Basics about statistical distributions for events random in time

Poisson Process

We will study the case of the input events being described by a Poisson Process, the most common case for events random in time.

Without going into mathematical formalism, roughly described, events adhering to the following conditions can be labeled to be generated by a Poission Process:

  • The time of an event is independent of the time of the previous event
  • The events have a fixed average rate

Some examples of phenomena well-modeled by a Poisson Process are:

  • Photons reaching a telescope
  • Goals scored in a soccer match
  • Customers entering a drug store
  • Deaths due to horse kick in the Prussian cavalry in the 1890's 1

The Exponential Distribution

We are approaching the usefulness for us as hardware developers of all this.

The most central fact of this post is:

The times between the events of a Poisson Process are described by the Exponential Distribution.

Denoting such times by a stochastic variable X, we write this as

 X \sim \textrm{Exp}(\lambda)

where \lambda is the rate, measured e.g. in events per second, the one parameter of the Exponential Distribution.

The probability density function of the distribution is

 f(x) = \begin{cases} \lambda e^{-\lambda x}, & x \ge 0, \\ 0, & x < 0. \end{cases}

It is plotted below for some different values of \lambda.

Probability Density Function of the Exponential Distribution (Author: Skbkekas)

Furthermore, the cumulative distribution function is

 F(x) = \begin{cases} 1-e^{-\lambda x}, & x \ge 0, \\ 0, & x < 0. \end{cases}

The mean is given by

 \mathrm{E}[X] = \frac{1}{\lambda}

which is actually also the expression for the standard deviation:

 \sigma_{X} = \frac{1}{\lambda} \text{.}

The expression for the mean makes sense: if we have 10 events per second, the average time between the events should be 0.1 seconds.

Although the Exponential Distribution will be the one of greatest value for us, the Poisson Distribution is the most commonly encountered distribution for Poisson Processes, so let me introduce it for the sake of completeness.

The Poisson Distribution

The probability of a certain number of events during some given interval of time for a Poisson Process will be described by the Poisson Distribution.
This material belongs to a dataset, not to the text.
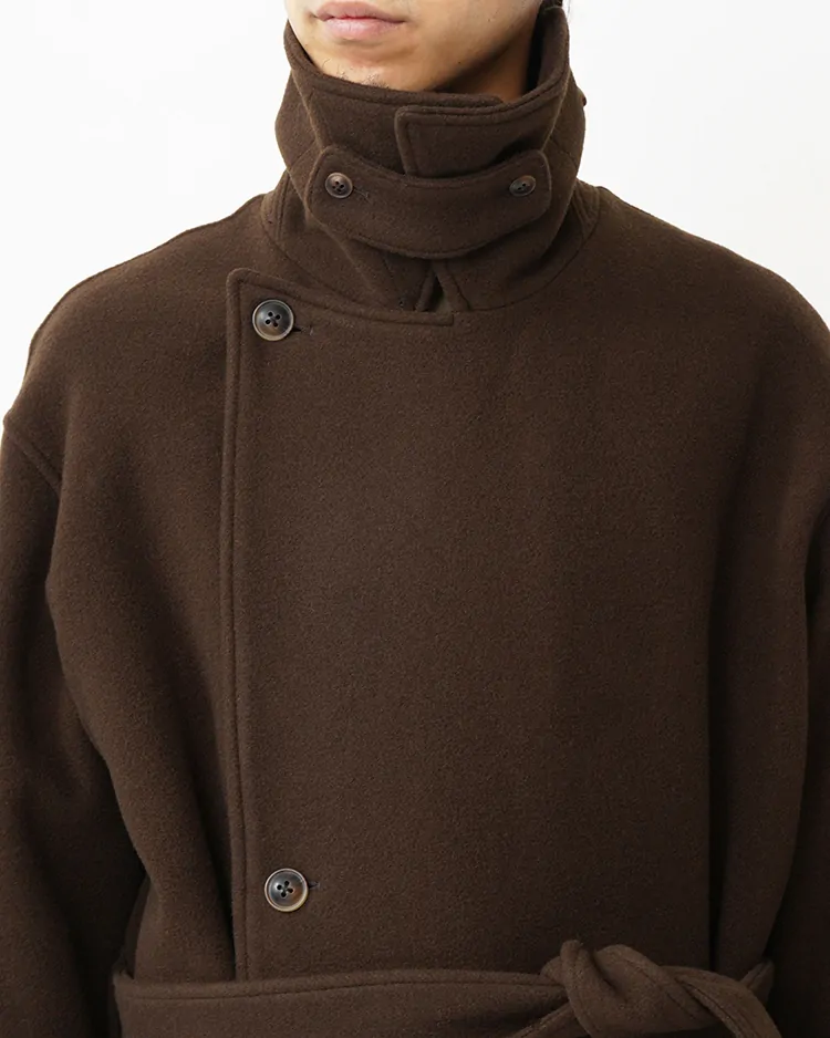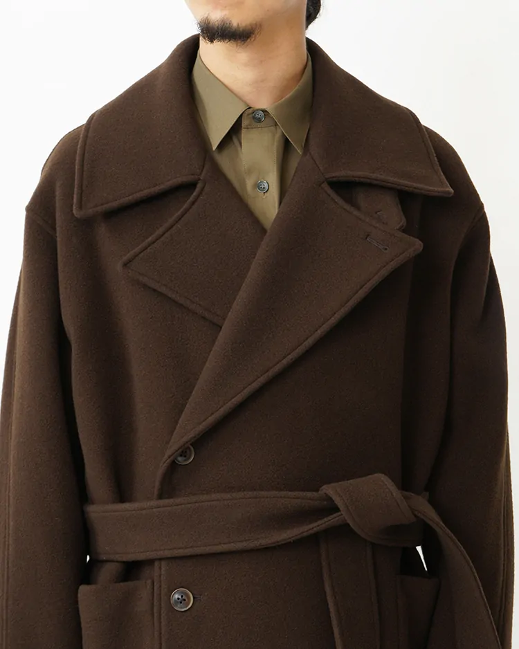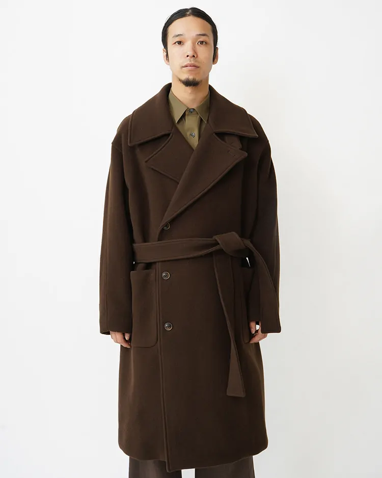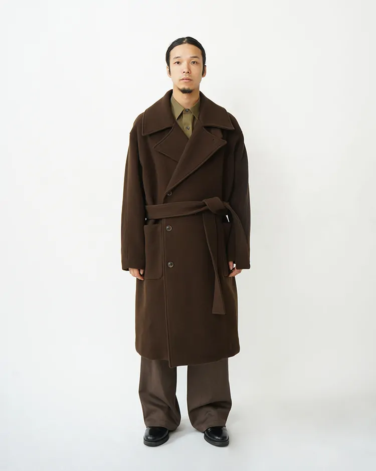 ざっくりとした着用感が特徴のダブルコート。襟を立てフラップで留めて着用でき、またウエストベルトを縛ってシルエットに変化を持たせることが可能です。

Letting Y denote the stochastic variable we write this as

 Y \sim \textrm{Pois}(\lambda)

where \lambda is the parameter. It will be equal to the mean of the distribution:

 \mathrm{E}[Y] = \lambda

and if the time interval used is one unit of time, \lambda will represent the rate, just like for the Exponential Distribution.

As you might already have realized, the Poisson Distribution is a discrete distribution.

Its probability mass function 2 is

 f(k)= P(X=k)= \frac{\lambda^k e^{-\lambda}}{k!}

where k is obviously a discrete variable representing the number of events during the interval of time. The above function is plotted below for some different values of \lambda.

Probability Mass Function of the Poisson Distribution (Author: Skbkekas)

A very convenient and useful feature of the Poisson Distribution is that it for large \lambda's can be well approximated by a Normal Distribution. You can see that this approximation makes sense already for the \lambda=10 case in the plot above. For the approximation, set both the mean and the variance parameters of the Normal Distribution to \lambda and you're done - however you should also strip the negative left-side tail of the resulting Normal Distribution to avoid negative event counts. 3

Generating Poisson Process events

Deriving from a uniform distribution

There is a very straight-forward method for generating exponentially distributed values X given uniformly distributed values U:

 X = \frac{-\ln U}{\lambda}

This is the method I have used. You will need to integrate them to get absolute times rather than the times separating the events, which is what the Exponential Distribution gives. If you need a discrete measure of time such as number of clock cycles, perform a simple round-to-nearest on the decimal values.

A Matlab function for using this method looks like this:

function X = rande(n, gamma)
  % Generates a col of n exponentially distr. values X with rate gamma.
  U = rand(1, n); % return n values ~ unif[0 1]
  X = -log(U)./gamma;
end

(Integration is not performed in this function and the returned values are continuous, not discrete.)

More computing-efficient methods

There are methods developed to get rid of the summation (integration) needed above for generating Poisson Process times.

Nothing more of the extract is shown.